I feel like @MustafaaShebl seems to be thinking on the right track. I would describe it as the YOLO CNN, like any supervised learning trained neural net, tries to reproduce its ground truth values, which explicitly includes object center location, shape, class, and confidence and implicitly includes grid cell. There are existing threads in this forum that go into detail about setting up the training data, assigning grid cell, and computing Y - \hat{Y} during training. You can discover these with search. hth
Thank you so much really appreciate your responses. @Deepti_Prasad @ai_curious
What I have got is that like any supervised learning the network do the job of the labelers and the grid part is only to allow the network to identify multiple objects in the image and we dont take it one cell at a time we apply this similar to convolution implementation of sliding window alg, I hope I got it right this time.
Wanted to add a little to my attempt above to clarify whether the predicted bounding box shape is grid- or image-relative in YOLO v2.
The units of measure of the predicted bounding box shape, b_w and b_h, are pixel. Because they are a shape and not a location, they really are neither grid- nor image-relative. That is, a 16x16 square predicted bounding box shape is independent of both grid and image dimensions. There is no offset.
Also important to recognize that neither b_w nor b_w are direct outputs of the neural network. Rather, the network outputs t_w and t_h. Suppose a ground truth bounding box is exactly the shape of one of the anchor boxes. Then, using the expressions above,
\frac{b_w}{p_w} = e^{t_w} = 1 so
t_w = log(1) =0
That means for a ground truth bounding box exactly the same shape as an anchor box, the network is trained to predict 0 for t_w (and t_h) resulting in a predicted bounding box width (and height) exactly the same as p_w (and p_h) of the anchor box. Further, since 0 < e^i < \infty, the expression suggest that the same range applies to the predicted bounding box shape. Which means the predicted bounding box could approach zero pixels at the low end and infinity at the upper. With good anchor box shape choices and adequate training, the network learns to predict t_i as small values above and below but near zero; one would hope predictions do not in fact reach extreme outlier values, but in theory they could.
Does this mean that we are learning tw and th which takes values of ln function ]0, ∞[?
and thank you so much
Yes.
Similar for the center location values t_x and t_y, except here the expressions are:
b_x = \sigma(t_x) + c_x , and
b_y = \sigma(t_y) + c_y
Where c_i is the grid cell index derived from the location in the Y or \hat{Y} matrix, t_i are the location values output by the network for an object in the c_i cell of the matrix, and b_i is the derived bounding box center prediction.
Here the network predicts tx and ty after training over bx,by, cx and cy?

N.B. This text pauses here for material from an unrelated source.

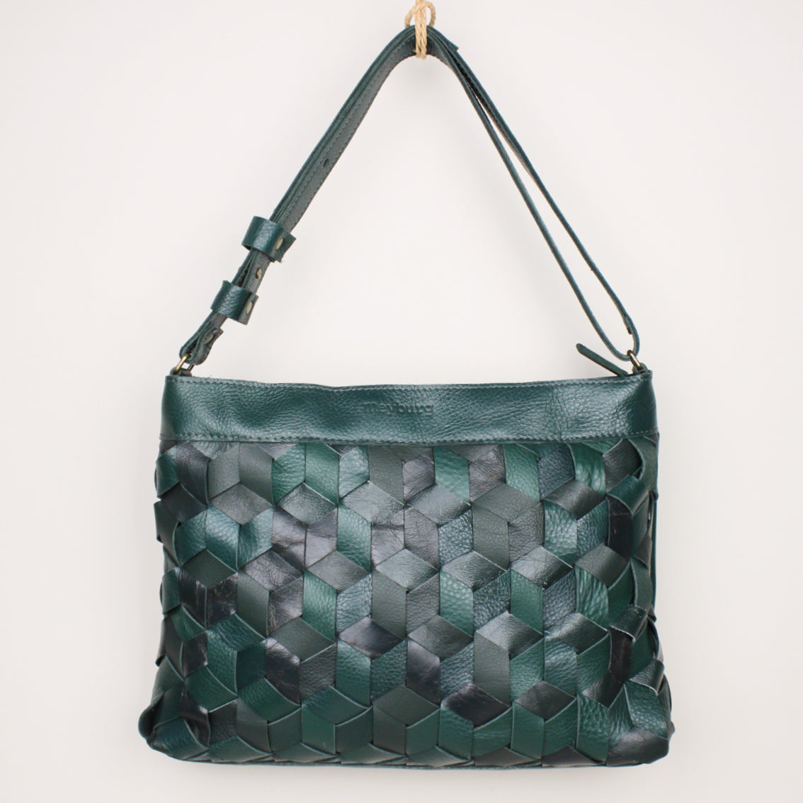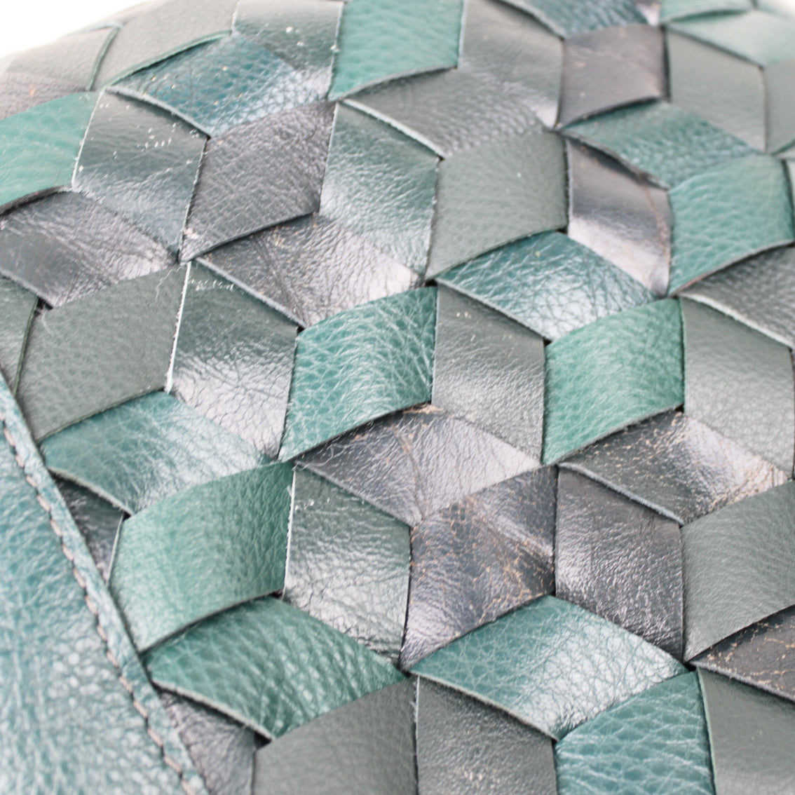 Dreidimensional geflochtene, gefütterte Handtasche im Din A 4 Format mit verstellbarem, Gurt aus upcycling Leder.
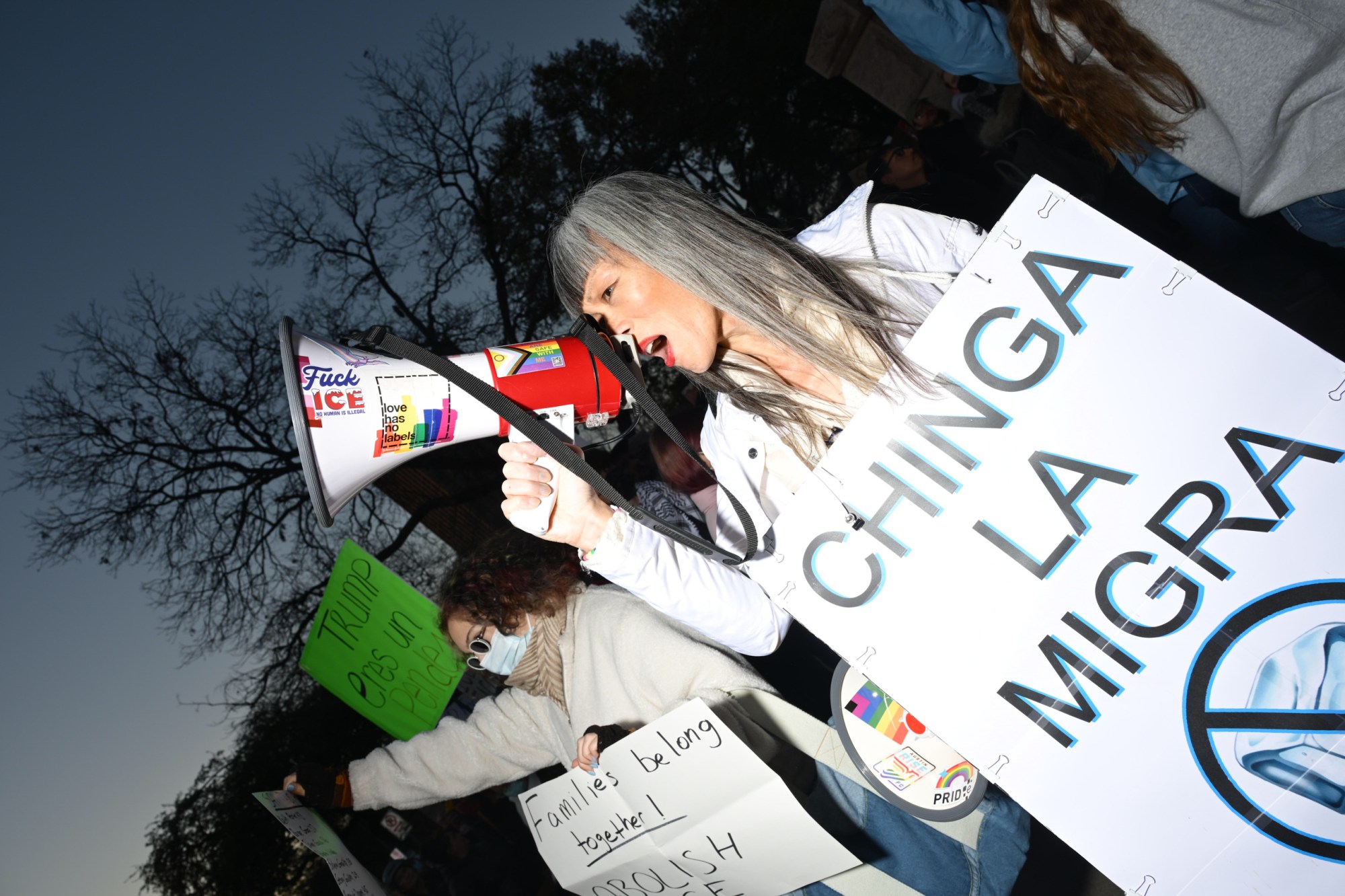 UT Austin professor Zenzi Griffin joined protesters at the Capitol with a sign describing ICE as “new slave patrols” and called the Trump administration’s immigration policy the most pressing issue amid “so many horrible things.”

The equations are a bit confusing not gonna lie as we are adding the index of the cell to the sigmoid of the predicted value by the network as I understood, but why can’t we just predict normal bx, by, bw and bh or these equations turned out to give a better performance
I don’t think anyone who has studied this algorithm would disagree with you on that
The network outputs two numbers that are used for center location and two that are used for shape (for each grid cell + anchor box tuple.) But the numbers output by the network aren’t used directly in either case. Instead, they are transformed by these equations into 4 other numbers and it is this second set that are used in the cost function. The transformations are applied to the network outputs in order to force them to be of the right scale or magnitude to all play nice in the cost function together. To the best of my understanding, this approach was arrived at empirically; experiments proved the network learned better and faster this way than predicting the bounding box corners directly.
I get it now, thank you so much I really appreciate your effort.